Participants in the forum heard Howard Wyers, owner of a health care benefits administrator in Michigan, speak of his efforts to encourage employees to quit smoking by offering incentives. When that did not deliver the results he wanted, Wyers told his 200 employees that he would no longer hire any smokers, and that anyone who did not quit smoking in the next 15 months would be fired.
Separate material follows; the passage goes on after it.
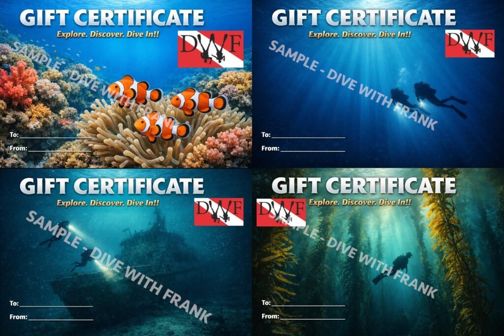 A Dive With Frank gift certificate is a flexible, no-pressure way to give someone time in the water—whether they’re brand new to scuba or already chasing their next dive goal.

Eventually, he applied the rule to employees' spouses as well.

Wyers uses mandatory random blood tests to make sure that his employees have not started smoking again.

While not hiring smokers is legal in certain other states, such as Florida, the practice is illegal in California, which bans discriminating against employees based on their legal activities.

Other employers in the forum suggested using incentives instead of penalties, such as subsidizing smoking cessation programs and rewarding employees who successfully complete them.

"Our focus right now has been one of being supportive and trying to help people quit smoking," said Larree Renda, executive vice president of Safeway Inc.

Yet the company also has plans to ban smoking in all its U.S. and Canadian regional offices, and already makes non-unionized smoking employees contribute more to their own health care. The company is negotiating with the union to apply the same policy to union smokers as well.

Sources for this story include: www.sfgate.com.